The health check uses redis-cli ping, which returns PONG when Redis is ready to accept connections. This check runs every 10 seconds with 5 retries, meaning Redis has 50 seconds to become healthy after starting. In practice, Redis starts in under 2 seconds for a fresh instance. Replaying a large AOF log might take 5 to 15 seconds depending on the log size.
The Ollama Service
Ollama provides local LLM inference as a fallback when the primary cloud provider is unavailable. The ollama-data volume persists downloaded models so they do not need to be re-downloaded on every container restart. The resource limits are the largest in the stack: 4 vCPU and 6 GB RAM. Running an 8B parameter model like Llama 3.1 on CPU requires roughly 5 GB of memory for the model weights plus overhead for inference.
The health check hits the /api/tags endpoint, which lists available models. The start_period: 60s is intentionally generous because Ollama may need to load model weights into memory on first start, which can take 30 to 45 seconds on spinning disk or slower NVMe.
Configuring Nginx as a Load Balancer
The Docker Compose file references ./nginx/nginx.conf, so that file needs to exist before the stack can start. The Nginx configuration defines the upstream pool of gateway replicas, the load balancing algorithm, health checking behavior, and proxy settings for forwarding webhook traffic.
Create the configuration file at nginx/nginx.conf with the following content.
worker_processes auto;
error_log /var/log/nginx/error.log warn;
pid /var/run/nginx.pid;
events {
worker_connections 1024;
}
http {
log_format main ‘$remote_addr – $remote_user [$time_local] ‘
‘”$request” $status $body_bytes_sent ‘
‘”$upstream_addr” $upstream_response_time’;
access_log /var/log/nginx/access.log main;
upstream openclaw_cluster {
least_conn;
server gateway:18789 max_fails=3 fail_timeout=15s;
}
server {
listen 80;
server_name _;
location /nginx-health {
access_log off;
return 200 “healthy\n”;
add_header Content-Type text/plain;
}
location / {
proxy_pass http://openclaw_cluster;
proxy_set_header Host $host;
proxy_set_header X-Real-IP $remote_addr;
proxy_set_header X-Forwarded-For $proxy_add_x_forwarded_for;
proxy_set_header X-Forwarded-Proto $scheme;
proxy_next_upstream error timeout http_502 http_503;
proxy_next_upstream_timeout 5s;
proxy_next_upstream_tries 2;
proxy_connect_timeout 5s;
proxy_send_timeout 30s;
proxy_read_timeout 60s;
proxy_buffering off;
}
}
}The upstream block uses least_conn as the load balancing algorithm. As discussed in Part 1, this algorithm sends each new request to whichever replica currently has the fewest active connections. For LLM-backed applications where request processing times vary wildly (800ms for a tracking query versus 4 seconds for a complex complaint), least_conn distributes load more evenly than round-robin.

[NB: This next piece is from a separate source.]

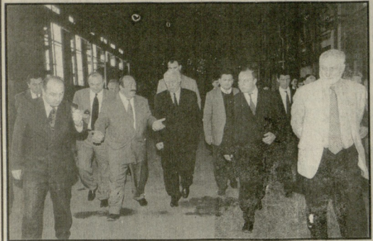
(პრეზიდენტი) ნამიბიში დაბრუნებული თითოეული დღისათვის 56 წლისა...
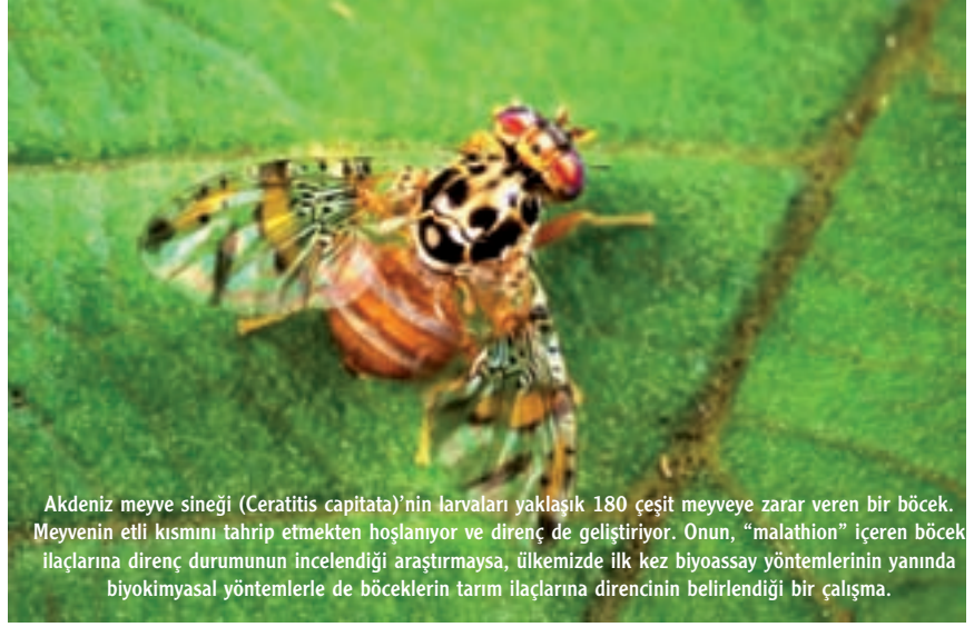
Akdeniz meyve sineği ( Ceratitiss capitata )’nin larvaları yaklaşık 180 çeşit meyveye zarar veren bir böcek. Meyvenin etli kısmını tahrip etmekte hoşlanıyor ve direnç geliştireyor. Onun, “malathion” içeren böcek ilaçlarına direnç durumunun incelendiği araştırmaysa, ülkemizde ilk kez biyoassay yöntemlerinin yanında biyokimyasal yöntemlerle de böceklerin tarım ilaçlarına direncinin belirlendiği bir çalışma.

Ülkemizde, Akdeniz, Ege ve İç Anadolu bölgelerinden toplanan değişik M. persicae popülasyonları üzerinde biyodeneme (biyoassay) ve biyokimyasal çalışmalarla direnç düzeyleri ve mekanizmaları araştırılmış. Halen, konuyla ilgili çalışmalar uluslararası işbirliğiyle devam etmekte.

Notice that the upstream block has a single server gateway:18789 entry, not three separate entries with different ports. When Docker Compose runs the gateway service with replicas: 3, Docker’s internal DNS resolves the service name gateway to all three container IP addresses. Nginx connects to each one on port 18789 (the default OpenClaw gateway port). This means you do not need to update the Nginx config when you scale up or down. Docker handles the service discovery automatically.
The max_fails=3 and fail_timeout=15s parameters control failure detection. If a replica fails to respond to 3 consecutive requests within a 15-second window, Nginx removes it from the pool. After 15 seconds, Nginx tries the failed replica again. If it responds, the replica is added back to the pool.

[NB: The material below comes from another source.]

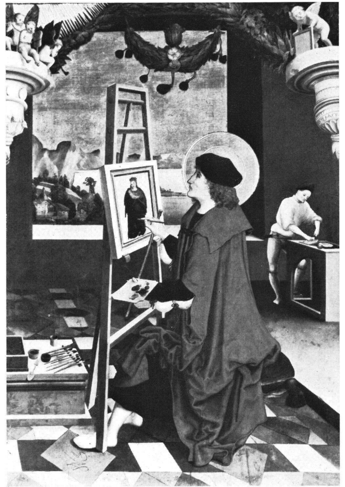
Abb. 2 Niklaus Manuel: Der heilige Lukas malt die Madonna. Kunstmuseum Bern.

Three proxy timeout values control different phases of the connection. proxy_connect_timeout limits how long Nginx waits to establish a TCP connection to a replica (5 seconds is generous for a local Docker network). proxy_send_timeout limits how long Nginx waits to send the request body (30 seconds handles large webhook payloads). proxy_read_timeout limits how long Nginx waits for a response (60 seconds accounts for slow LLM inference on complex queries). Setting proxy_buffering off ensures responses stream back to the client immediately, which matters for real-time messaging where every millisecond counts.
The proxy_next_upstream directive is the automatic failover mechanism. If the first replica returns a 502 or 503 error, or if the connection times out, Nginx transparently retries the request on a different replica. The customer never sees the error. The proxy_next_upstream_tries 2 limits retries to two attempts, preventing request loops when all replicas are struggling.

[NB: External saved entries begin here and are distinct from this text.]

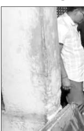
चिकित्सा एवं स्वास्थ्य विभाग की टीम ने पिपलाई व गंगापुर सिटी में खाद्य सामग्रियों के सैपल लिए।
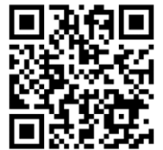
福祉人材センター Instagram

《問い合わせ先 福祉人材部（鳥取県福祉人材センター） 0857-59-6336》
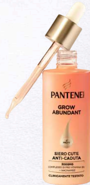
Grow Abundant Sérum Anticaída
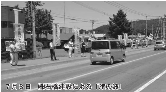
7月8日 ㈱石橋建設による「旗の波」

The /nginx-health location provides an endpoint for Docker’s health check on the Nginx container itself. It returns a plain 200 response without writing to the access log, so health check noise does not clutter the logs.
A quick note on load balancing algorithms. Nginx supports three common options. round-robin (the default) distributes requests sequentially: replica 1, then 2, then 3, then 1 again. This works well when all requests take similar time to process, which is not the case for LLM workloads. least_conn sends each request to the replica with the fewest active connections, naturally balancing based on actual processing time. ip_hash sends all requests from the same client IP to the same replica, which provides session affinity but defeats the purpose of HA if that specific replica crashes. For OpenClaw, least_conn is the recommended choice because it handles variable request processing times gracefully and does not create sticky sessions that would concentrate risk.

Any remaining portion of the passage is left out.